In Patagonia durante un volo esplorativo, alcuni scienziati hanno scoperto 337 balene spiaggiate. E’ lo spiaggiamento di massa più numeroso ad oggi conosciuto.

Sono state le fotografie aeree ad indicare agli scienziati il più grande spiaggiamento di massa di balene ad oggi conosciuto. E’ accaduto in una sperduta isola tra Penas e Puerto Natales, a sud del Cile in prossimità della “terra del fuoco“.

balena-spiaggiata-patagonia-300x257 La più grande ecatombe di Balene, in 377 spiaggiate in Patagonia.
Una delle balene boreali spiaggiata in Patagonia.

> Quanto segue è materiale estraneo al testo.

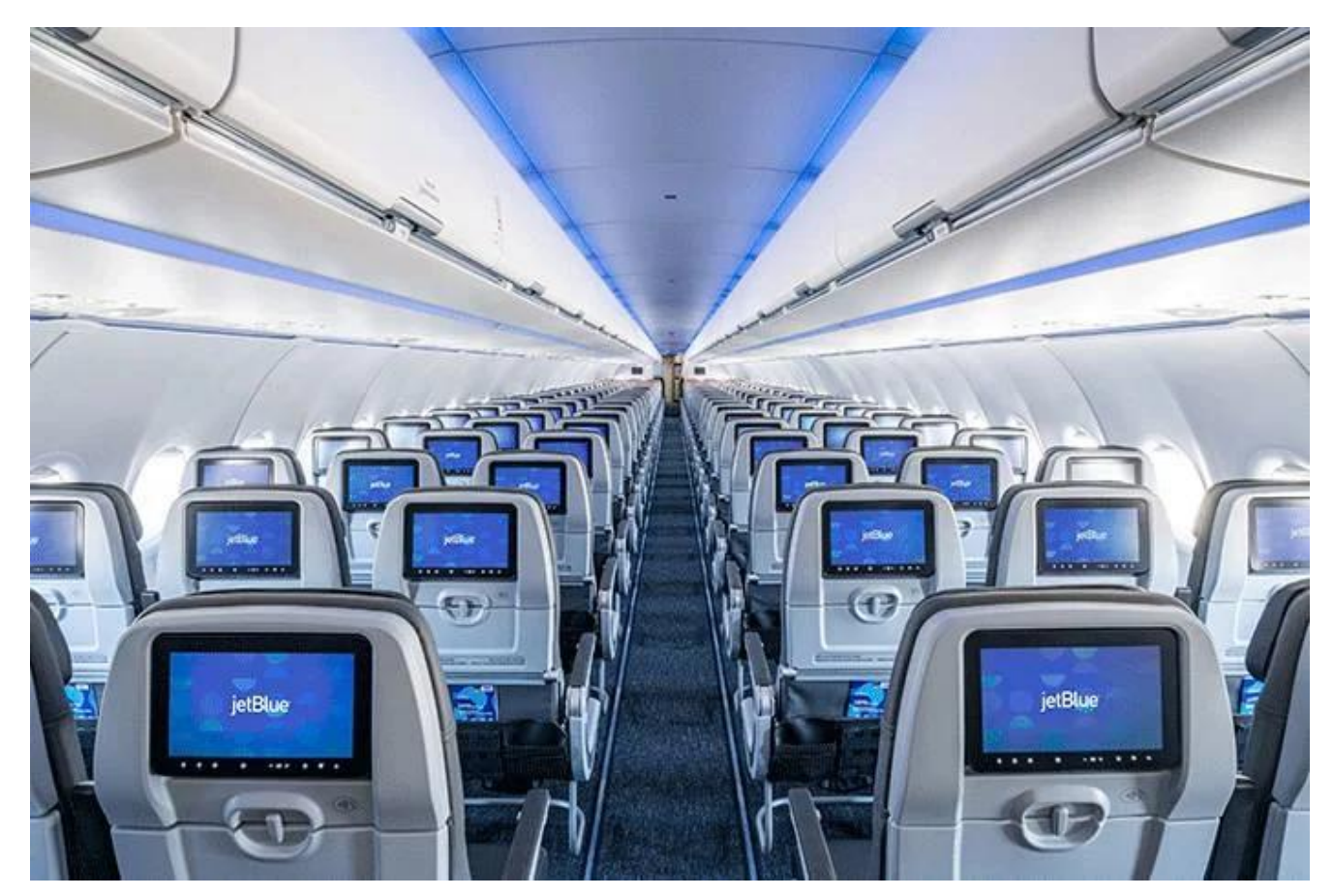
A321 neo mint cabin
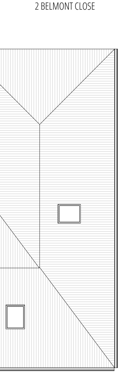
2A BELMONT CLOSE
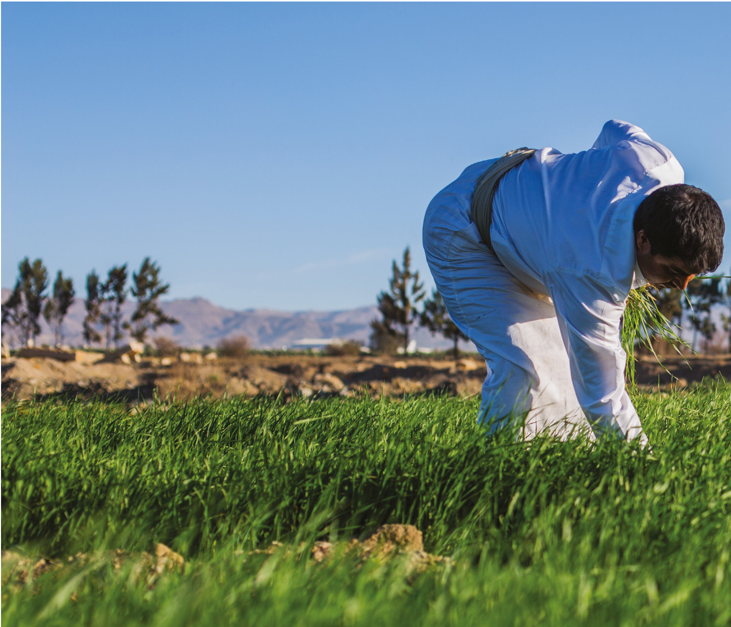
Photo: A farmer works in a wheat field.

In recent years, crop production has declined due to drought, insufficient and erratic rainfall, declining soil quality, poor crop management, crop

Dalle immagini gli scienziati hanno individuato 305 balene morte e 32 scheletri. Lo spiaggiamento sembra sia avvenuto diverso tempo fa visto che le balene presentavano segni avanzati di decomposizione. Motivo per cui il riconoscimento della specie sembra abbastanza difficile anche se gli scienziati suppongono si tratti di balene boreali. La moria è avvenuta a giugno ma la notizia è trapelata soltanto ieri attraverso la stampa cilena.

Era già successo

Una moria di balene, sempre nella stessa area, era già successa alcuni mesi prima con la moria di 36 balene. Dunque gli scienziati sono adesso alla ricerca della causa degli spiaggiamenti e del perché proprio su quell’isola. Alcune ipotesi sono state fatte dagli scienziati: bloom fitoplanctonici, eutrofia delle acque.
Altri spiaggiamenti di massa

Nel 2000, circa 600 balene si spiaggiarono nella costa Pacifica tra Alaska e Messico. Un fenomeno che si verificò però in un’area più ampia nel corso di diversi mesi.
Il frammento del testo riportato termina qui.